Required Reading And Resources: Cook, A. Netuveli, G. Sheikh

Required Reading And Resourcesa Cook A Netuveli G Sheikh A

Homework assignment requires analyzing data from a study testing the effectiveness of a cholesterol treatment on 114 subjects. The task involves describing the hypothesis testing procedure, formulating hypotheses, identifying the test statistic, calculating the p-value, and interpreting whether there is sufficient evidence to reject the null hypothesis.

Paper For Above instruction

In biomedical research, hypothesis testing is fundamental for assessing the effects of treatments and interventions. The process involves several methodical steps designed to evaluate whether observed data support a harmful or beneficial effect of an intervention, based on statistical reasoning.

The initial step is to establish a clear null hypothesis (H₀) and an alternative hypothesis (H₁). The null hypothesis typically represents the status quo or no effect, such as "the cholesterol treatment has no effect on cholesterol levels," whereas the alternative indicates the expected effect, such as "the cholesterol treatment reduces cholesterol levels." In the context of the current study, the hypotheses can be formulated based on the data:

  • H₀: The treatment does not decrease cholesterol (no effect).
  • H₁: The treatment decreases cholesterol (effect).

Determining the appropriate test statistic is crucial, and given the categorical nature of the data—whether cholesterol decreased or not among treated and untreated groups—a chi-square test for independence or a two-proportion z-test would be suitable. Since the data involve proportions of subjects experiencing a decrease versus no decrease across two groups, the two-proportion z-test is particularly apt.

Calculating the test statistic involves assembling the data into a contingency table. Suppose the following counts based on the study data:

Cholesterol Decreased No Cholesterol Decrease Total
Treatment Group a b a + b
No Treatment Group d c + d
Total a + c b + d 114

To compute the z-statistic, we use the formula:

z = (p₁ - p₂) / √(p(1 - p)(1/n₁ + 1/n₂))

where:

  • p₁ = proportion of decreased cholesterol in treatment group = a / (a + b)
  • p₂ = proportion in control group = c / (c + d)
  • p = pooled proportion = (a + c) / (a + b + c + d)
  • n₁ = total in treatment group = a + b
  • n₂ = total in control group = c + d

Suppose from the data: Treatment group with 50 subjects, 30 showing decreased cholesterol; control group with 64 subjects, 20 showing decreased cholesterol.

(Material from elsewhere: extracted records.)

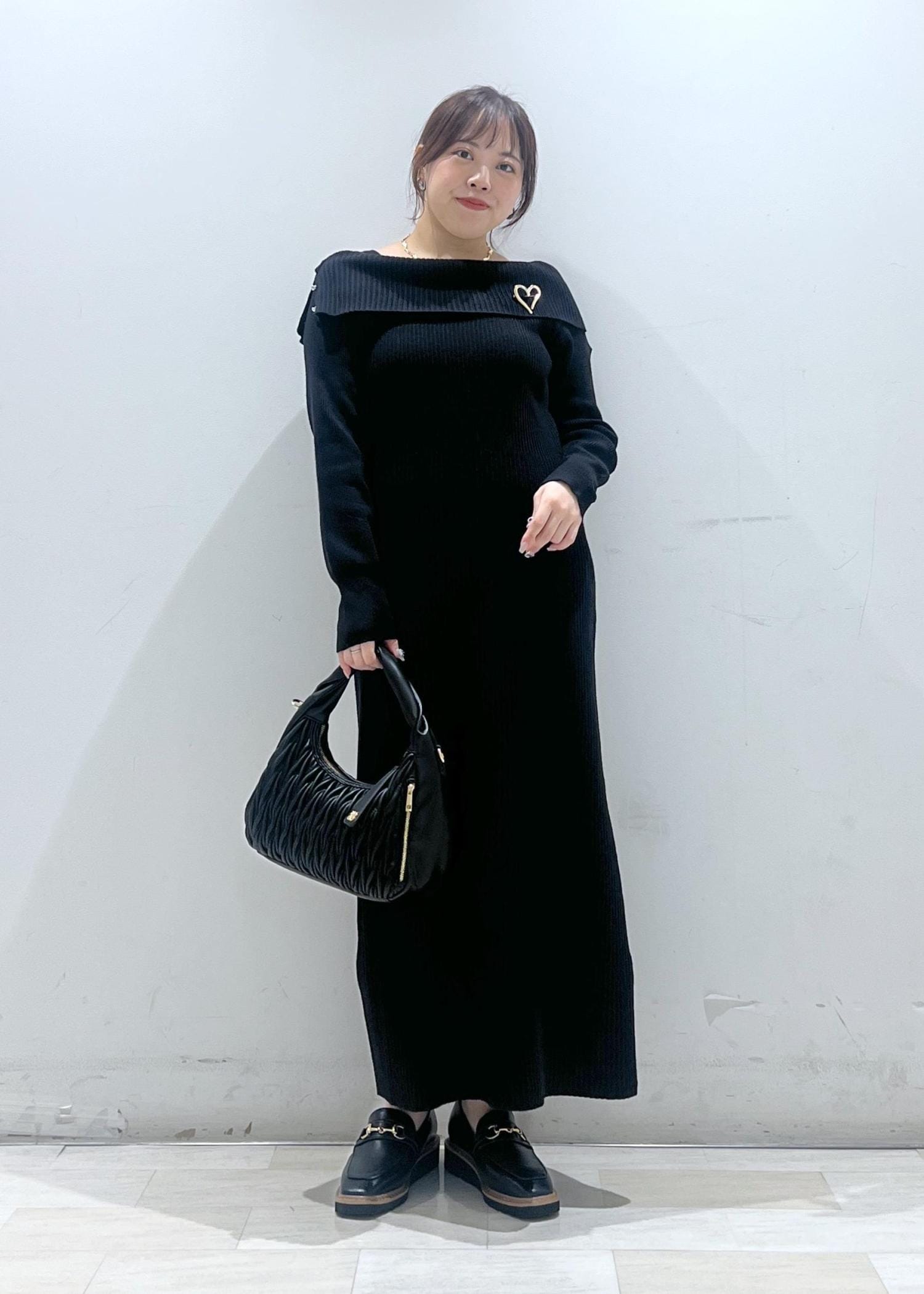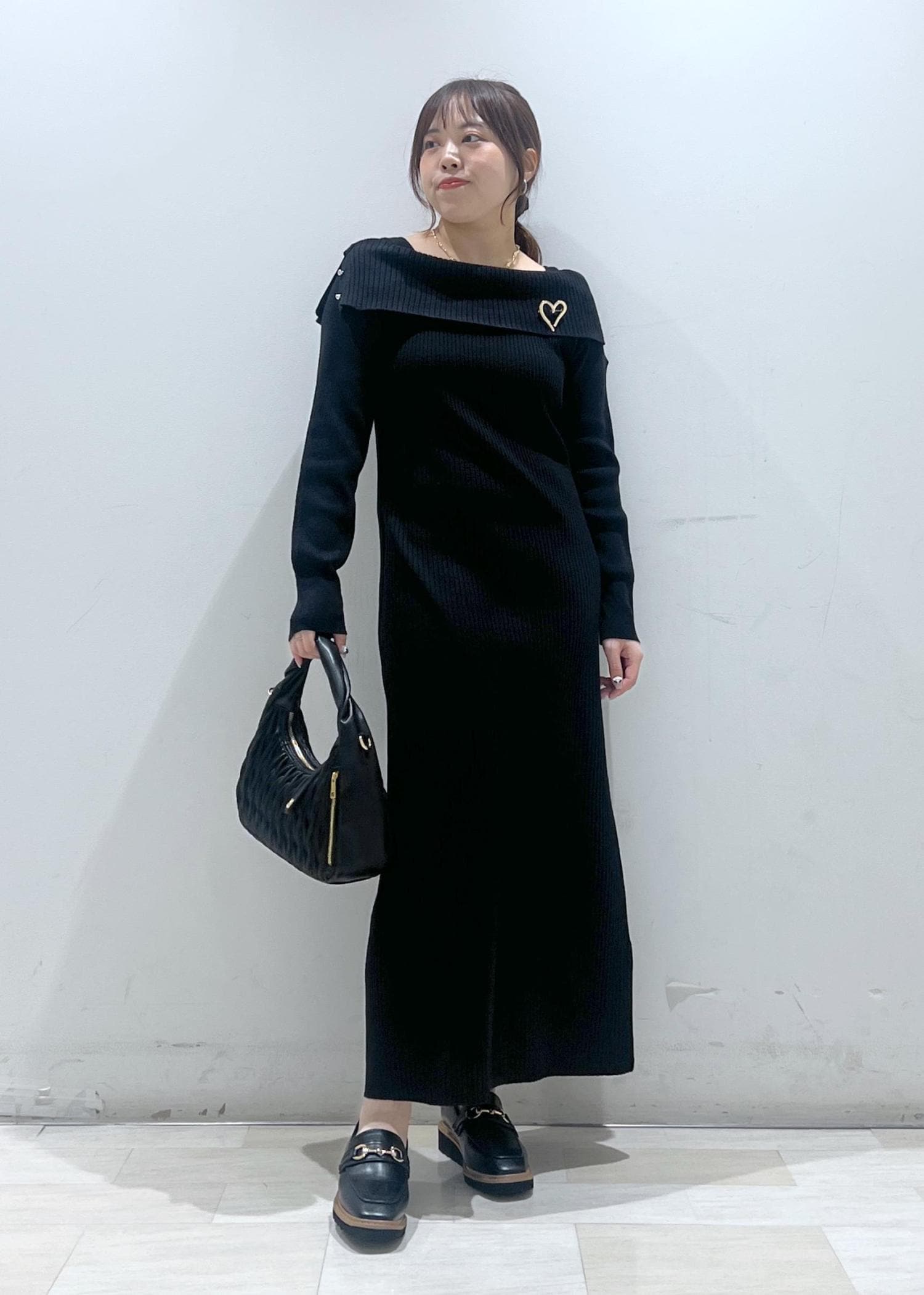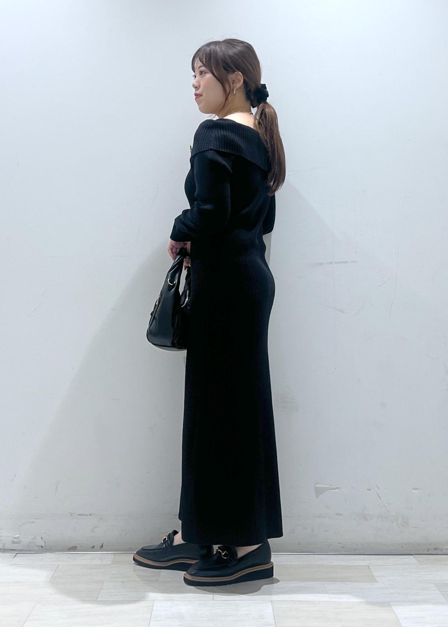 VISアシメオフショルリブニット美シルエットワンピース/着丈が選べるブラック / F¥8,899レビュー中肉のモチっとしたとても着心地のよいニット素材のオフショルデザインワンピース。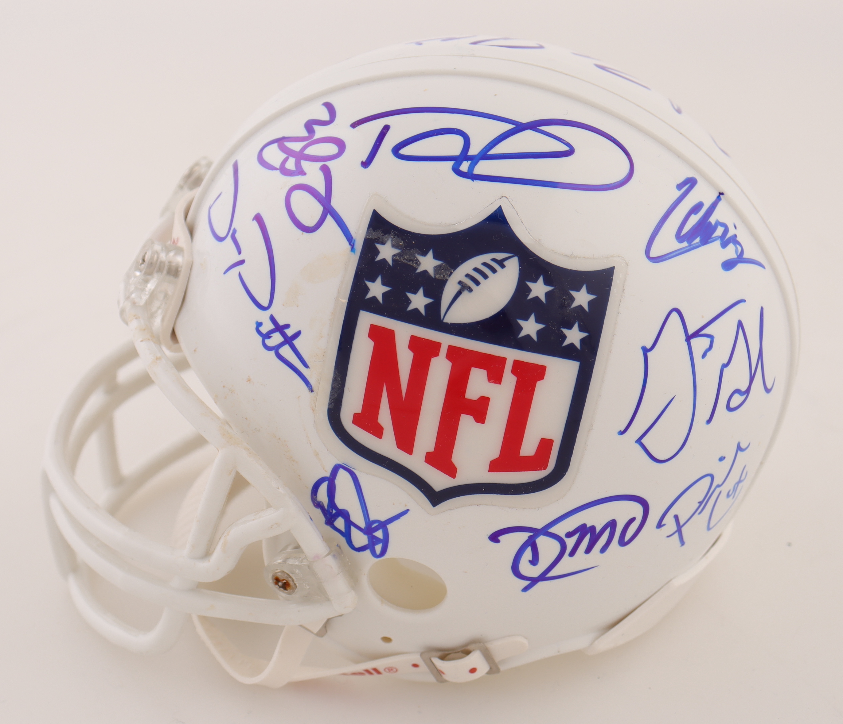 Riddell NFL Shield logo mini helmet has been hand-signed by Aaron Hernandez, Toby Gerhart, Dexter McCluster, Sean Weatherspoon, Zac Robinson, Dennis Pitta, Perrish Cox, and (10) others.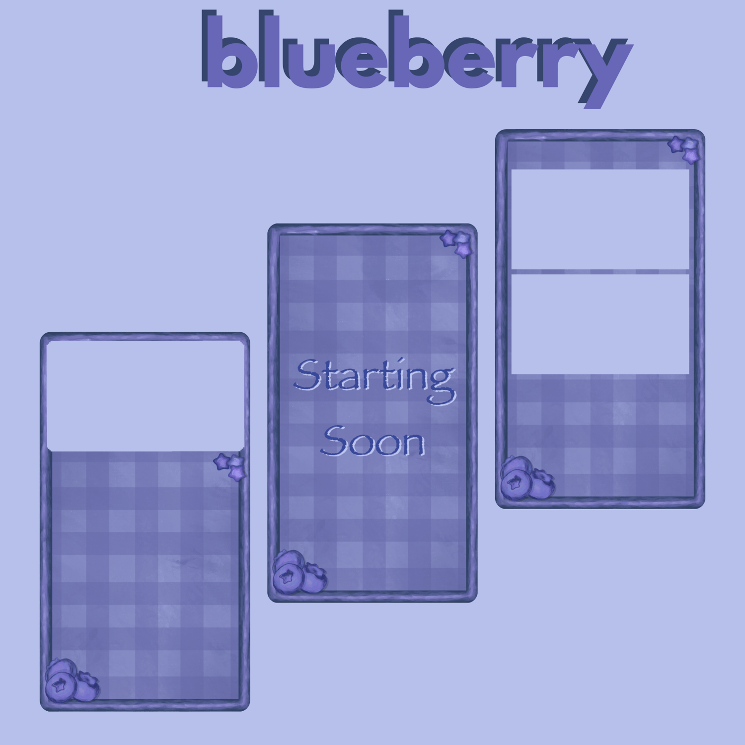 Upgrade your stream with this blueberry stream overlay pack, designed for creators who want a cohesive, eye-catching look. This set is perfect for streamers who love cute and soft styles and want their stream to feel polished and on-brand.
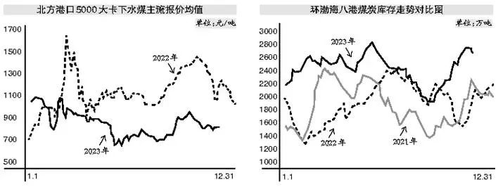 從10月中旬開始,市場煤價(jià)格進(jìn)入一個(gè)回落期,下跌趨勢一直延續(xù)到11月初。價(jià)格回落后,貿(mào)易商看漲情緒升溫,詢貨有所增多,加上第一次寒流來襲且水電進(jìn)入快速回落期,煤炭市場受到一定帶動,價(jià)格企穩(wěn)反彈。隨后在高庫存的壓制下,市場情緒又開始轉(zhuǎn)弱。進(jìn)入11月下旬,當(dāng)港口5000大卡下水煤價(jià)格再次回落至每噸800元左右時(shí),供應(yīng)方出貨意愿降低,疊加第二波寒潮降溫來臨,市場對電廠日耗回升有一定預(yù)期,價(jià)格小幅反彈。但這波寒潮影響時(shí)間較短,后續(xù)多地氣溫有所回升,且沿海地區(qū)受影響較小,電廠日耗環(huán)比增速略有放緩。電廠在高庫存的情況下,對高價(jià)接受程度有限,疊加港口高庫存疏港壓力加大,市場煤價(jià)格反彈支撐不足,短暫上漲后開始企穩(wěn)。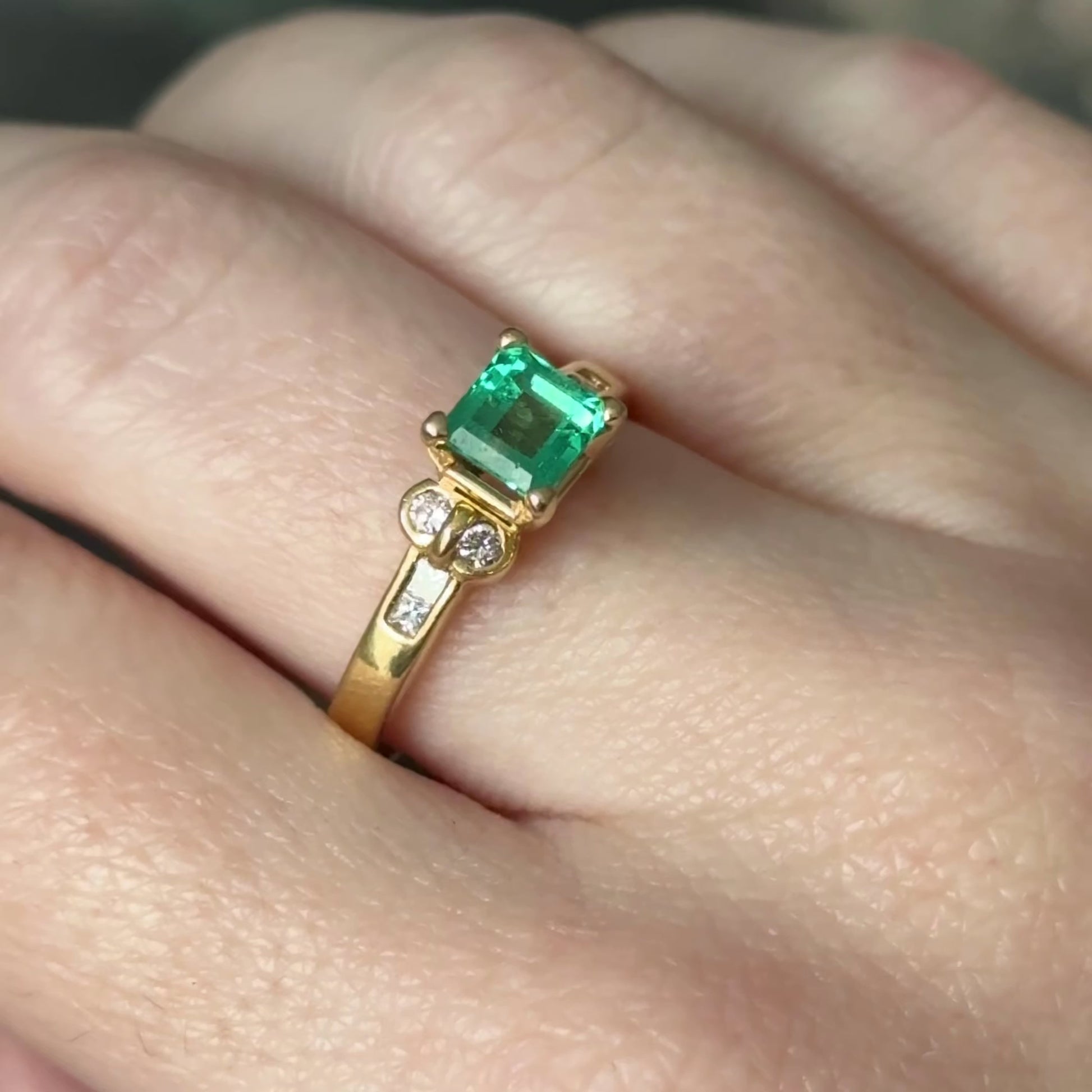 A step-cut emerald set east-west anchors this ring, its bright bluish-green color is captivating against the 18k gold. The emerald sits in a basket setting, flanked by princess and round brilliant diamonds in near-colorless, VS quality — the mixed diamond cuts creating playful interest alongside the emerald's clean rectangular lines. The 18 karat yellow gold has a polished surface that pairs nicely with the the cool green of the center stone.
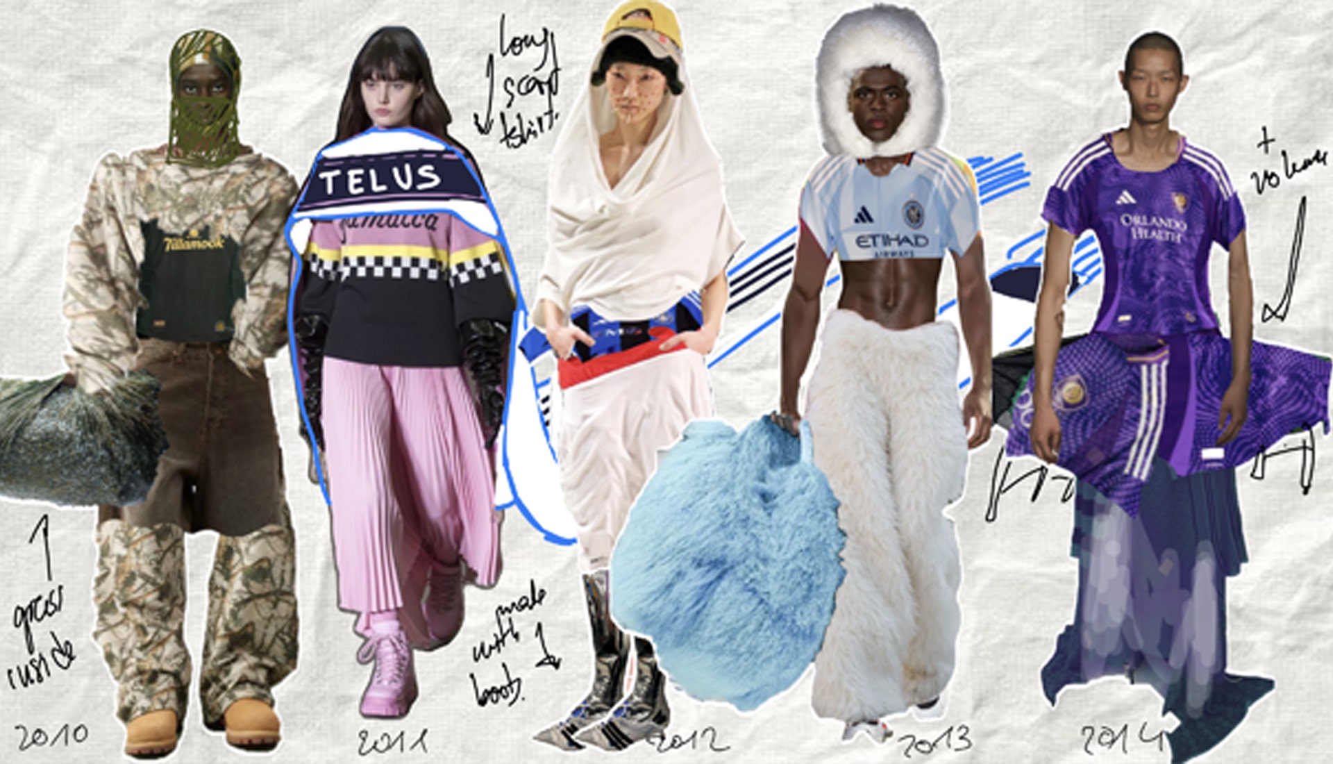 This outfit is a nod to Vetements’ football-inspired collaboration, merging streetwear with sports culture.

The counts are then:

  • a = 30
  • b = 20
  • c = 20
  • d = 44

Calculations:

  • p₁ = 30 / 50 = 0.6
  • p₂ = 20 / 64 ≈ 0.3125
  • p = (30 + 20) / 114 ≈ 0.4386
  • n₁ = 50
  • n₂ = 64

The standard error (SE) is:

SE = √(p(1 - p)(1/n₁ + 1/n₂)) ≈ √(0.4386 0.5614 (1/50 + 1/64)) ≈ 0.1051

The z-statistic becomes:

z = (0.6 - 0.3125) / 0.1051 ≈ 2.75

Using standard normal distribution tables, the p-value for z = 2.75 (two-tailed) is approximately 0.006.

Since the p-value (≈ 0.006) is less than the conventional significance level 0.05, we reject the null hypothesis. This suggests that there is statistically significant evidence that the cholesterol treatment reduces cholesterol levels.

In conclusion, the hypothesis test indicates that the treatment has a significant effect on lowering cholesterol, supporting its efficacy. The procedure included defining hypotheses, selecting the appropriate test statistic, performing calculations to obtain the z-score, determining the p-value, and interpreting the results within a statistical significance framework.

References

  • Cook, A., Netuveli, G., & Sheikh, A. (2004). Basic skills in statistics: A guide for healthcare professionals. London, GBR: Class Publishing.
  • Norman, G. R., & Streiner, D. L. (2014). Biostatistics: The bare essentials (4th ed.). Shelton, CT: PMPH-USA, Ltd.
  • Agresti, A. (2018). Statistical Methods for the Social Sciences. Pearson.
  • Altman, D. G., & Bland, J. M. (1994). Diagnostic tests. In Diagnostic tests 2: Predictive values. BMJ, 309(6947), 102.
  • Miller, R. G. (1986). Beyond ANOVA: Basics of applied statistics. Routledge.
  • Fisher, R. A. (1925). Statistical Methods for Research Workers. Oliver and Boyd.
  • Newcombe, R. G. (1998). Two-sided confidence intervals for the difference of proportions. The American Statistician, 52(2), 127-132.
  • Kathleen, G. (2020). Biostatistics for Medical and Healthcare Professionals. Springer.
  • Rothman, K. J. (2012). Epidemiology: An Introduction. Oxford University Press.
  • Schmidt, F. L., & Hunter, J. E. (2014). Methods of meta-analysis: Correcting error and bias in research findings. SAGE Publications.